Wow, those are some very fundamental questions. My suggestion is to pick up one of the following books:
JBoss at Work: http://www.jbossatwork.com/
JBoss - http://www.oreilly.com/catalog/jbossadn/
Both books describe how to go about developing applications for use within JBoss. You might also want to pick up a book on JSPs/Servlets. Some free ones are online (though they are somewhat dated). http://pdf.moreservlets.com/
And possibly also a book on EJB3 development, there are quite a few available now, here is one: http://www.oreilly.com/catalog/entjbeans5/
To answer your specific questions:
1) A web server has a JSP/Servlet container and implements only parts of the Java EE spec, while an application server has an EJB container and implements the full Java EE spec.

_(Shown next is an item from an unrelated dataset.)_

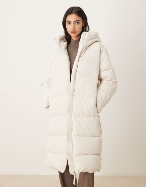 Mango - Gewatteerd jack met capuchon en lange pasvorm in crème

2) See the books I recommended.
3) Yes, see the books.
Thank you for the reply
Since you yourself mentioned that these are basic questions , why cant u just post a small answer
I indeed can look into books for which takes time , only for that reason people post in forums to get quick answers and indeed i program in C++ and only for a small task i need these answers
If you know the answer please do answer
I never said "basic", I said "fundamental". The difference is that a basic or simple question can be answered in a sentence/paragraph or two, whereas a fundamental question requires several pages of text.
Consider question 3. The simple answer is "yes." The more complicated answer is for me to enumerate the various ways that this can be accomplished, giving examples of each way. I have written such text. It was over 60 pages long. But let my try an intermediate answer from which we can start a dialog:
Whether you write a web application using JSPs/servlets, or write a rich client, you can access EJBs in the app server using JNDI to look them up. This code would all be in Java. Alternately, you could deploy Web services to the app server and look them up using the WSDL. In this case the client can be written in Java/, C#, etc.